For the first time, this study established a new principle and technology for in-situ direct electrolysis of hydrogen without desalination driven by phase transition from a new idea of combining physical mechanics and electrochemistry. This method completely isolates seawater ions and uses breakthrough electrolysis hydrogen production technology without needing to desalinate the seawater input. The process also produces no side reactions and requires no additional energy consumption (that is, seawater is used as pure water, and in-situ electrolysis hydrogen is directly produced in seawater).
Xie Heping’s team also developed the world’s first set of direct electrolysis hydrogen production equipment that can process 400 liters of seawater per hour in place, and which ran continuously in Shenzhen Bay seawater for over 3,200 hours. The equipment has proven to be a stable and large-scale hydrogen production process from seawater.

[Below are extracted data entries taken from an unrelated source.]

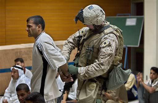 A U.S. Marine handcuffs a man, who was later released, at the General Hospital in Ramadi, 115 kilometers (70 miles) west of Baghdad, Iraq, Wednesday, July 5, 2006. U.S. and Iraqi seized control of the hospital that they believed insurgents were using to stage attacks. (AP Photo/Jacob Silberberg)
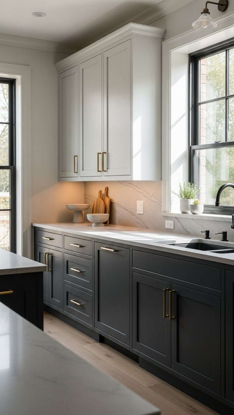 Color drenching taught you how a single hue can unify a room; applying the same principle to cabinetry gives your kitchen a similarly polished, intentional look by splitting finishes between upper and lower cabinets. You’ll create tuxedo cabinets by pairing contrast finishes — light uppers, deep lowers — and selecting bold hardware choices that feel liberated yet refined, balancing proportion, scale, and clean lines throughout.
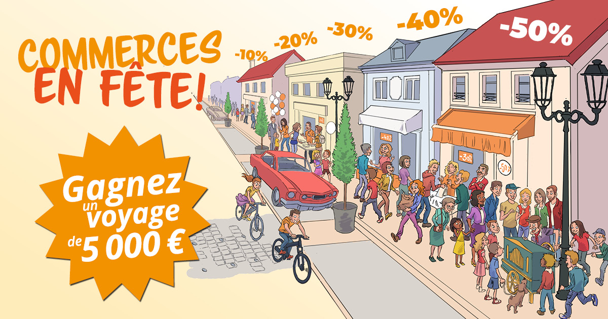 Illustration pour flyers, affiches, bandeaux bus, magazine pour la ville de Montgeron utilisées pour différentes opérations commerciales de la ville depuis 2019.
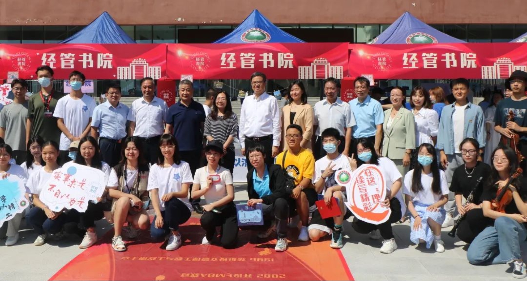 融入美育、劳动教育,在校生加入迎新现场布置。学院、书院充分调动在校生,特别是有设计、绘画、音乐特长学生的积极性,参与迎新现场场景设计、布置。注重调动他们的动手能力, 使用回收废弃纸箱进行二次剪裁加工,以中关村校区经管主楼为背景手绘邮筒图案,并引导管院学生在动手实践的过程中践行好时代责任,传承好红色基因。以书院学生为主体的组成的乐团,现场演奏多首曲目,烘托出温馨的迎新气氛。
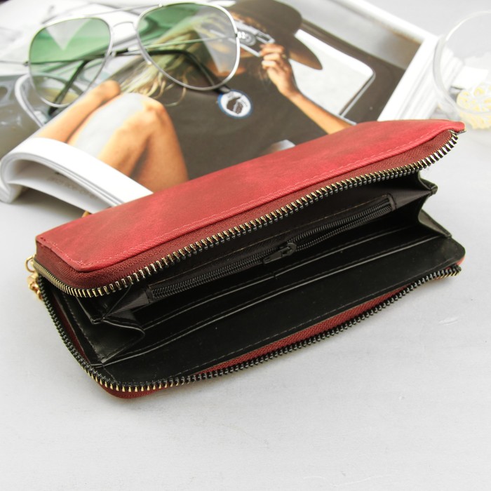 Кошелёк женский, 4 отдела, для карт, для монет на молнии, джинс красный
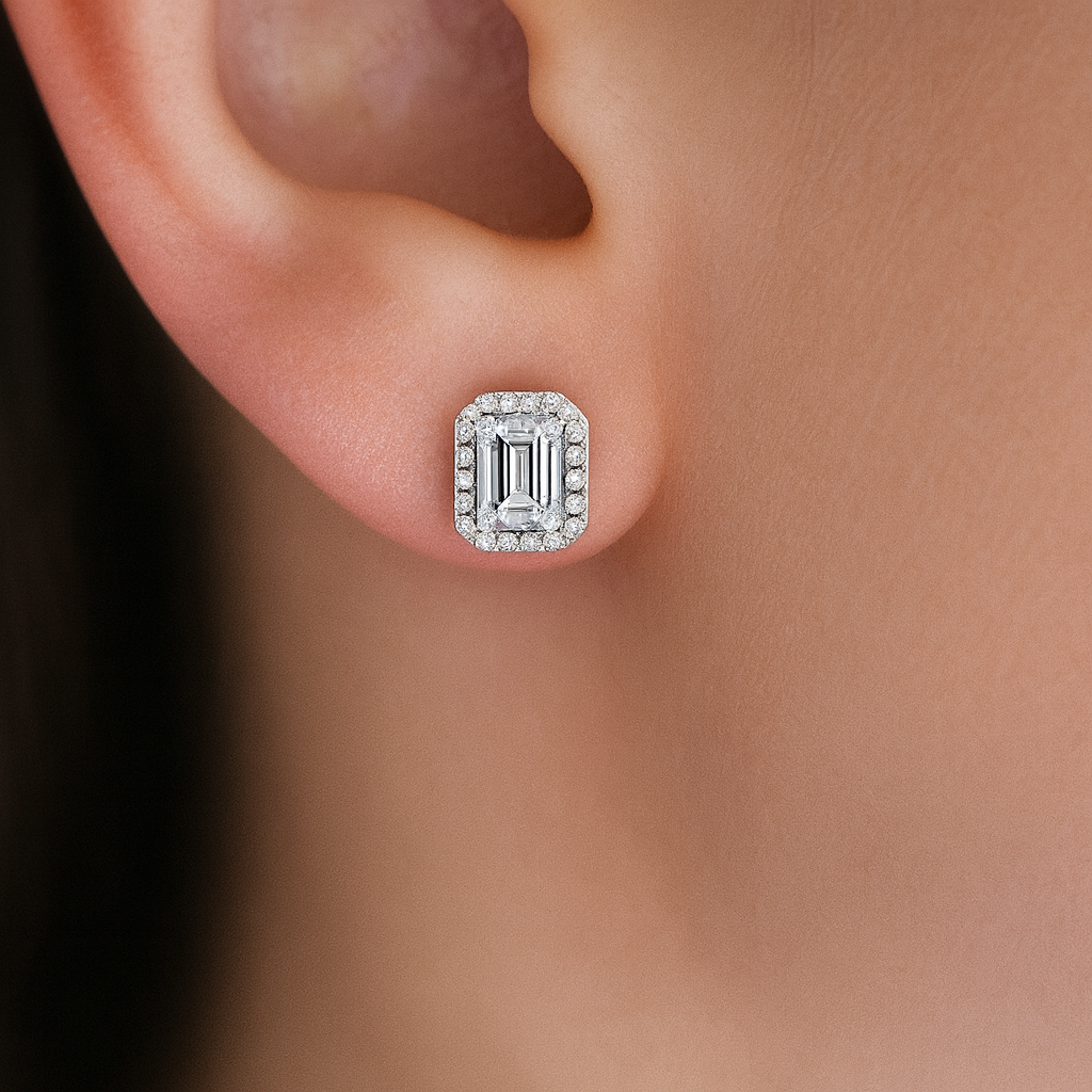 Featuring a 1.0 carat emerald cut Tru-Diamonds™ centre gem and surrounding halo, the Star of Monaco Stud Earrings are perfect accessories to show off at any event. Your friends and family will assume they’re from an haute couture designer.

In addition, the team further developed acidic and alkaline solid gel electrolytes to show that the phase transition strategy is suitable for different electrolyte materials and is expected to accompany the iterative development of proton exchange membrane (PEM) and anion exchange membrane (AEM) electrolysis technologies. At the same time, this method can be used to explore diversified water resources (such as river water, wastewater, etc.) to directly produce hydrogen, providing a new path of multi-effect utilization for resource enrichment and energy production.
According to a report by Shenzhen University, the experts who reviewed the article published in Nature commented on the study, saying, “Few papers can convincingly achieve large-scale and stable hydrogen production from seawater, but the work of this paper does just that. They have finally solved the problem of harmful corrosivity, which has long plagued the field of hydrogen production from seawater, and will open the door to low-cost fuel production. It is expected to promote change towards a much more sustainable world.”
Hydrogen energy is an important direction of energy development in the future, and its application is wide-ranging, but a shortage of fresh water resources has seriously restricted the development of “green hydrogen” technology. Complex seawater components (about 92 chemical elements) lead to many difficulties and challenges in hydrogen production from seawater.
Desalination before hydrogen production is the most mature technical path of seawater hydrogen production at present, and large-scale demonstration projects have been carried out in many countries around the world. However, this kind of technology relies heavily on large-scale desalination equipment, and its process flow is complex and occupies a large amount of land resources all of which increases the overall cost of hydrogen production and presents engineering construction difficulties.
Therefore, in the early 1970s, scientists raised the question of whether seawater could be directly electrolyzed to generate hydrogen. In the past half century, many well-known research teams from the United States, France, Australia and China have carried out exploration and research by means of catalyst engineering and membrane material science, aiming at solving the problems of chlorine evolution side reactions and calcium and magnesium precipitation in hydrogen production with the direct electrolysis of seawater. However, there was no breakthrough theory nor principle to completely solve the influence of complex components of seawater on this type of hydrogen production.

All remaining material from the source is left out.